「農民」記事データベース20140915-1133-11

築地市場移転問題はいま
(上)

農民連常任委員 齋藤敏之


物流動線や経費増大から
賛成業者内にも不安続出

 市場の命となる物流が非効率に

 「守ろうー築地市場パレード実行委員会」は8月26日、東京・築地市場内で、都中央卸売市場新市場整備部の北島隆管理課長らとの交渉を行いました。

 初めに、今年2月21日に開かれた新市場建設協議会で、移転に賛成する都水産物卸売業者協会会長の伊藤裕康さんが、新市場の設計や物流計画に対して具体的に40分間にわたって指摘した問題に対して、北島課長は、「業者と協議し効率的にできるよう検討している」と、伊藤会長の具体的な指摘にはまったく触れない回答を行いました。

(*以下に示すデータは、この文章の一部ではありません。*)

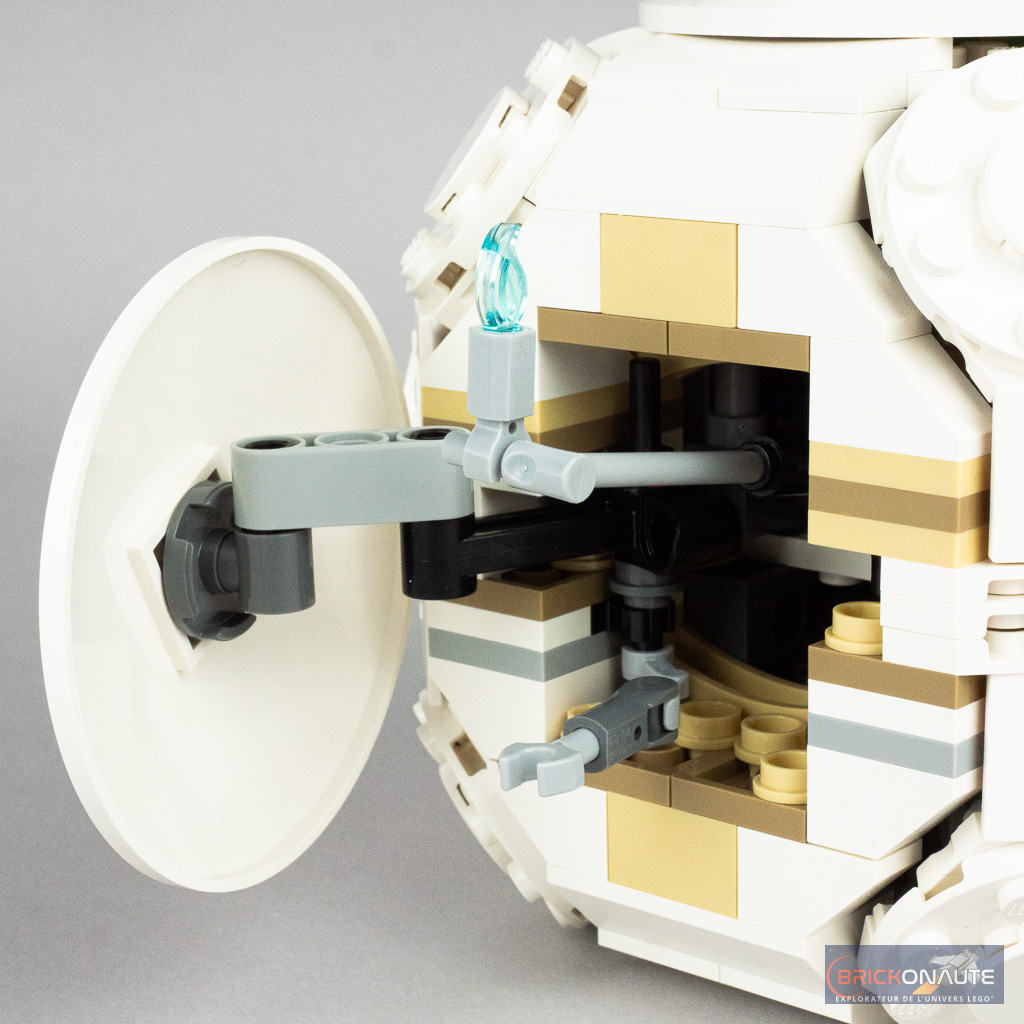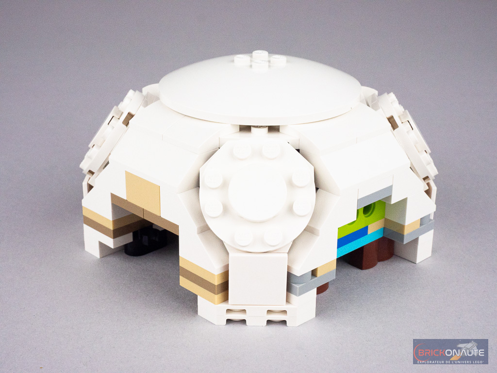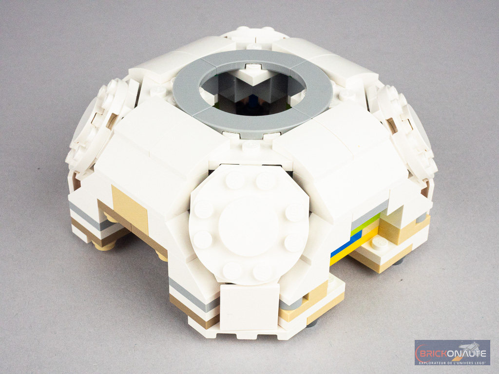 Vous l’aurez compris, l’étape suivante vise à assembler la coque supérieure, l’assemblage étant sécurisé par des éléments technic masqués sous les grandes coupoles (dishs) décorées. La construction se termine avec la tête qui fait également appel à quelques « techniques » intéressantes pour trouver les angles souhaités.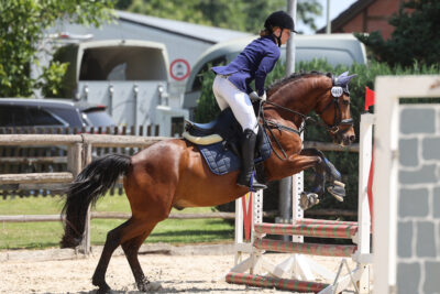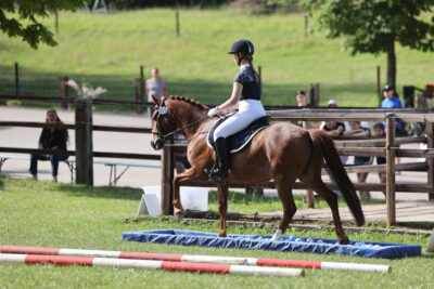 Das Elementarspringen stellt ebenfalls eine sehr gute Möglichkeit zum Erlernen von Springprüfungen für Pferd und Reiter dar. Tempokontrolle, Linienführung, genaues Anreiten, alles Eigenschaften, die in dem fairen von Katrin Werther gebauten Parcour abgeprüft wurden. Am besten gelang dies mit einer fehlerfreien Runde Hannah Bohl mit Small Edition.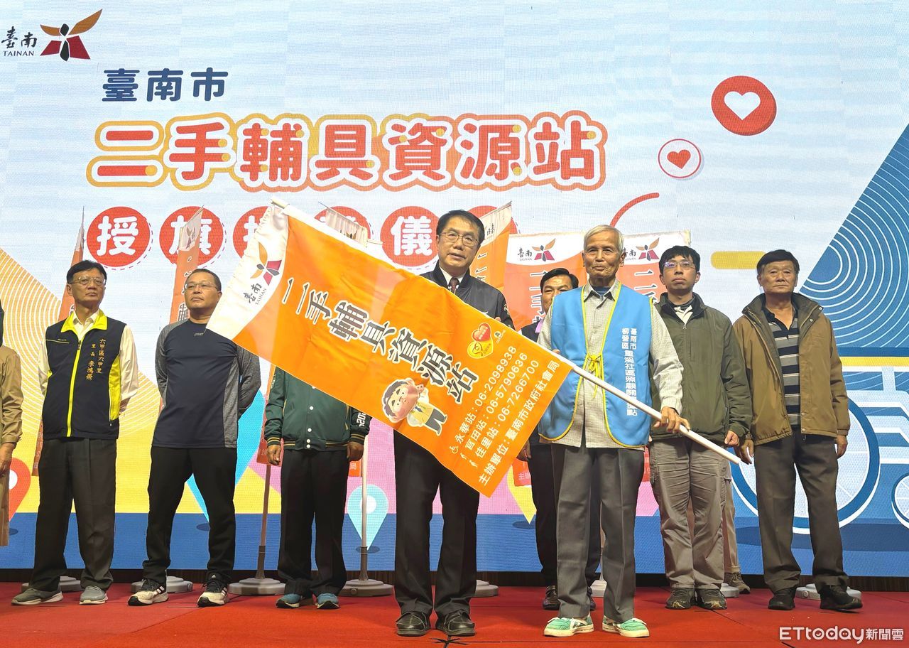 ▲台南市長黃偉哲,在社會局盧禹璁局長陪同下授旗給各二手輔具資源站,持續提供優質便民的輔具服務。(圖/記者林東良翻攝,下同)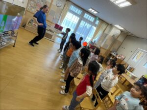 1月の英語レッスンのまとめとして、かぜ・そらぐみでJohnny先生によるレッスンを行いました✨ 様子……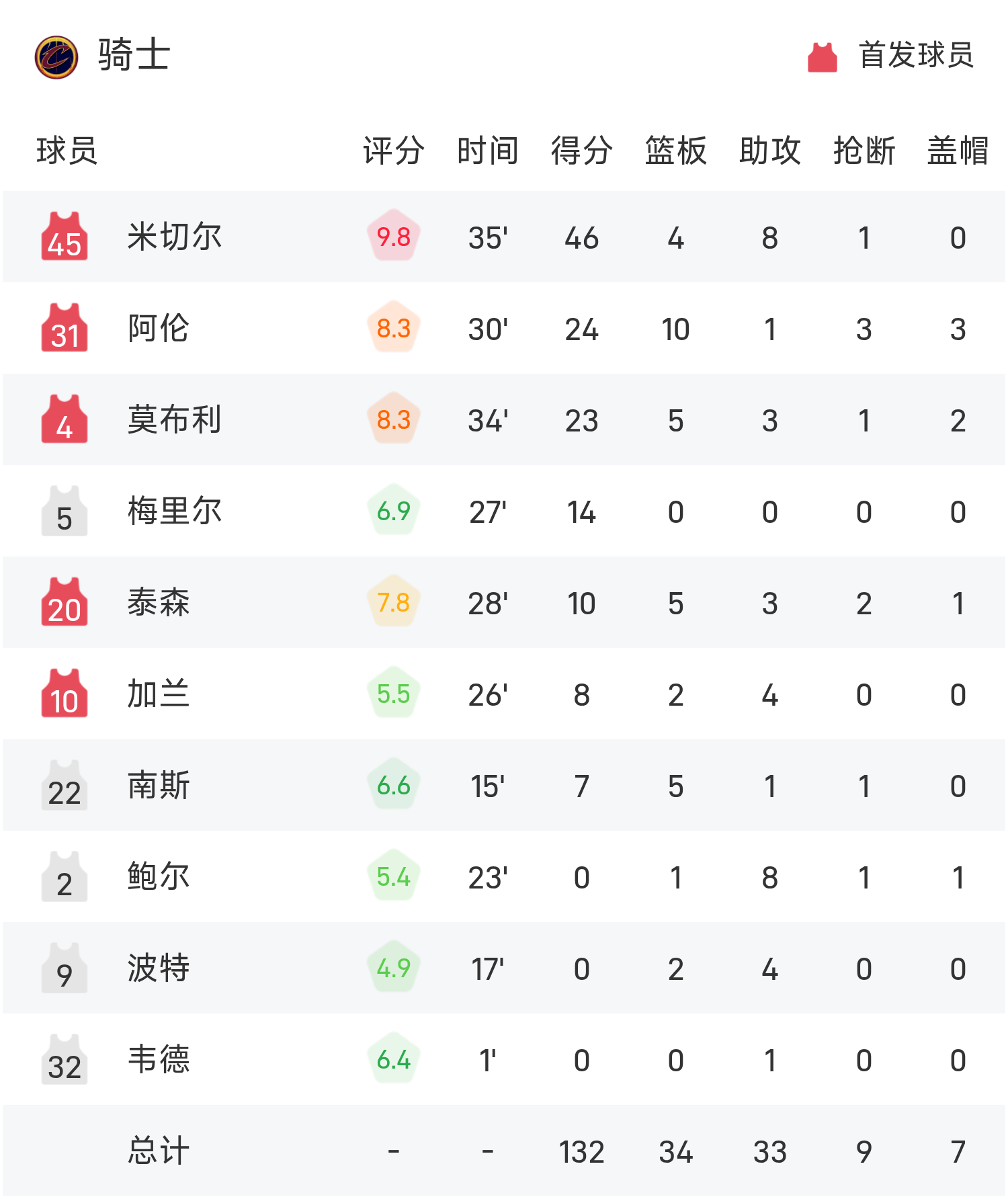 มิทเชลทำคะแนนสูงสุดในเกม 46 แต้ม 4 รีบาวน์และ 8 แอสซิสต์ นำทีมคาวาเลียร์สคว้าชัยชนะ

 市場の命ともいう「物流動線」は、築地市場では、扇形の外側に青果と水産の卸売場、その奥に仲卸の店舗が配置されています。また、扇の要に、荷捌(さば)き場や駐車場を配置する効率的動線になっています。

 ところが、移転先の東京・豊洲新市場の設計は、青果卸売場と青果仲卸店舗、水産卸売場、水産仲卸店舗が大きな道路で3カ所に分断されているうえ、各建物とも閉鎖型の重層構造のため、上下移動がエレベーター主流で、市場の物流をになうターレットが走りまわれないなど、問題点があります。物流動線の分断と、上下動のための物流経費の増大など、移転に賛成する業者のみなさんからの不安に応える回答は、最後までありませんでした。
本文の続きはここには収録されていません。